Un rapport d’un organisme fédéral révèle que des soldats déployés à la frontière entre les États-Unis et le Mexique cet été ont vécu dans des conditions insalubres, exposés à des installations sanitaires dégradées et à l’absence de climatisation fonctionnelle.
Plus précisément, l’Inspecteur général du Département de la Défense a constaté des conditions sanitaires déplorables dans les toilettes des casernes au Fort Bliss, au Texas, ainsi que dans les logements du Doña Ana Range Complex, au Nouveau-Mexique. Ces constats incluent fuites d’eaux usées non traitées, toilettes hors service et délabrement général des installations.

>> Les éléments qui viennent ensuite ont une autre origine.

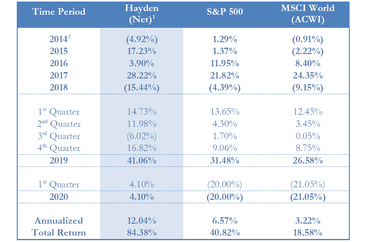 Hayden Capital commentary for the first quarter ended March 31, 2020.

La visite de l’Inspecteur général dans ces deux États, effectuée fin juillet 2025, portait sur les conditions d’hébergement des soldats de la 2e Brigade de combat Stryker de la 4e Division d’infanterie, basée à Fort Carson, Colorado. En mars, le Commandement Nord des États-Unis avait annoncé le déploiement d’environ 2 400 soldats de cette unité à la frontière, portant à près de 9 000 le nombre total de militaires affectés à la Joint Task Force-Southern Border. En septembre, il a été annoncé que la 2e Brigade Stryker serait remplacée par la 2e Brigade blindée de la 1re Division blindée, stationnée à Fort Bliss, Texas.
Dans le cadre de cet audit, le rapport inclut également des observations faites entre mai et août 2025 par l’équipe de médecine préventive de la brigade Stryker, qui a signalé plusieurs problèmes de santé et de sécurité sur le site du Doña Ana Range Complex. Leur analyse révèle que les climatiseurs des logements provoquaient des symptômes respiratoires chez les soldats. De plus, l’eau stagnante issue de la condensation des unités de climatisation, combinée aux eaux de pluie, engendrait une forte augmentation de la population d’insectes et de moustiques.
L’équipe médicale a aussi rapporté de nombreuses interventions en attente concernant des toilettes bouchées et des unités de climatisation défectueuses. Plusieurs soldats ont indiqué aux enquêteurs que les climatiseurs ne fonctionnaient que sporadiquement.
Les soldats ont également exprimé des inquiétudes quant à la capacité électrique dans les casernes. Les responsables de Fort Bliss ont informé l’Inspecteur général que le dépassement de la capacité électrique des logements pouvait entraîner des déclenchements répétitifs des disjoncteurs, ce qui représenterait un risque d’incendie dans ces bâtiments vieillissants.
Après la création de la Joint Task Force-Southern Border par le Commandement Nord, ses responsables ont sollicité des casernes auprès de la garnison de Fort Bliss. Cependant, le personnel de Fort Bliss a conclu qu’il ne pouvait pas répondre à la totalité des besoins en logement sur la base, et une partie des soldats a été hébergée au Doña Ana Range Complex. Le rapport précise que les casernes de Fort Bliss étaient « destinées à un hébergement transitoire et non à une utilisation continue ».
Au-delà des conditions sanitaires et sécuritaires déplorables, les autorités ont aussi relevé que les logements ne respectaient pas les régulations sur la durée d’hébergement dans des espaces exigus, qui prévoient des dérogations uniquement autorisées par des commandants ou des personnels médicaux. Ainsi, la superficie par soldat atteignait seulement 45 pieds carrés (environ 4,2 m²) à Fort Bliss, et 69 pieds carrés (environ 6,4 m²) au Doña Ana Range Complex.
En novembre 2025, les soldats déployés à la frontière n’étaient plus hébergés au Doña Ana Range Complex.